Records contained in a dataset
########################################
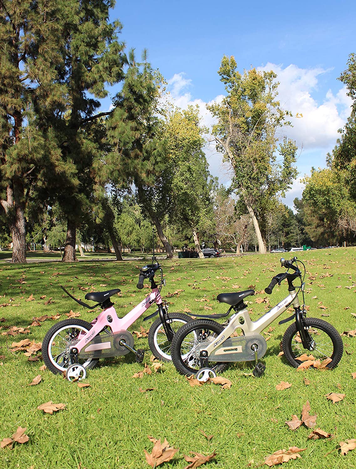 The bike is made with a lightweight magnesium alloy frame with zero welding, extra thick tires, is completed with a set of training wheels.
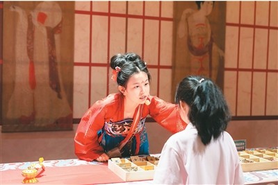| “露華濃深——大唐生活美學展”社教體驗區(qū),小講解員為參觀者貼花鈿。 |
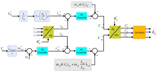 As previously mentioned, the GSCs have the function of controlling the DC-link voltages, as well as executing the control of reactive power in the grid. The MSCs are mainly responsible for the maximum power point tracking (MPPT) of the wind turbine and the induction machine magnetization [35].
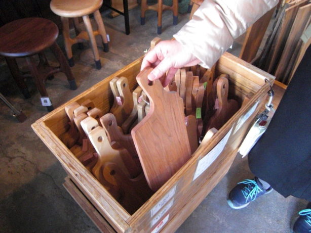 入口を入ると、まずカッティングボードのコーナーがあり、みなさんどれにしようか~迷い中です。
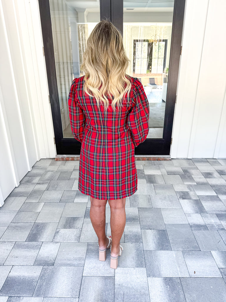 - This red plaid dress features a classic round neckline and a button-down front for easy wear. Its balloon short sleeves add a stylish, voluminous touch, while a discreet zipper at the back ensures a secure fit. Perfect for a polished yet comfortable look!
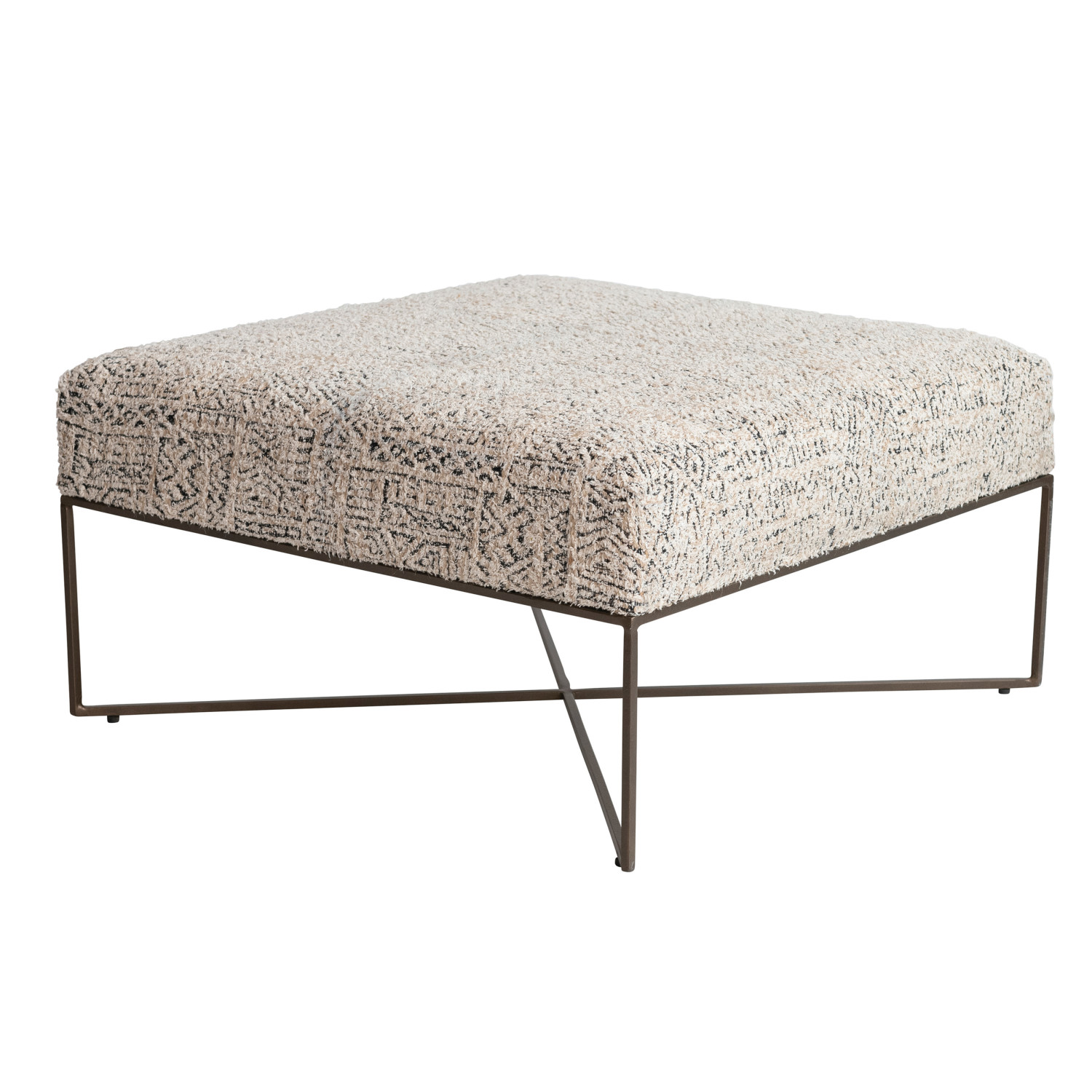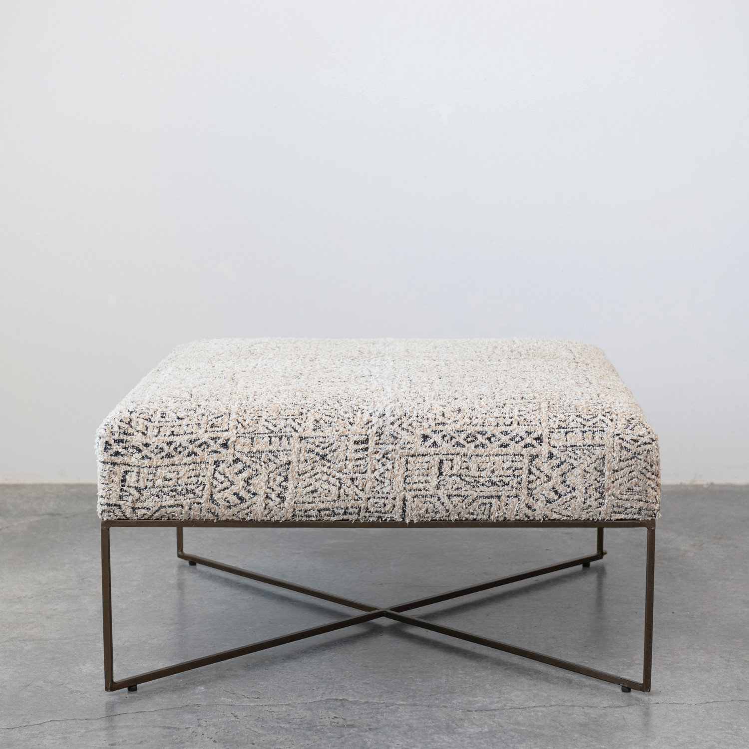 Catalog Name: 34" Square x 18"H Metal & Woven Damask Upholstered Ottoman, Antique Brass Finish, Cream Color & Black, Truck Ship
########################################
(Requirement)
Return only the lines from the one containing "As previously mentioned, the" through the last line of the entries above, exactly as written and without pictures.

(Response)
 As previously mentioned, the GSCs have the function of controlling the DC-link voltages, as well as executing the control of reactive power in the grid. The MSCs are mainly responsible for the maximum power point tracking (MPPT) of the wind turbine and the induction machine magnetization [35].
 入口を入ると、まずカッティングボードのコーナーがあり、みなさんどれにしようか~迷い中です。
 - This red plaid dress features a classic round neckline and a button-down front for easy wear. Its balloon short sleeves add a stylish, voluminous touch, while a discreet zipper at the back ensures a secure fit. Perfect for a polished yet comfortable look!
 Catalog Name: 34" Square x 18"H Metal & Woven Damask Upholstered Ottoman, Antique Brass Finish, Cream Color & Black, Truck Ship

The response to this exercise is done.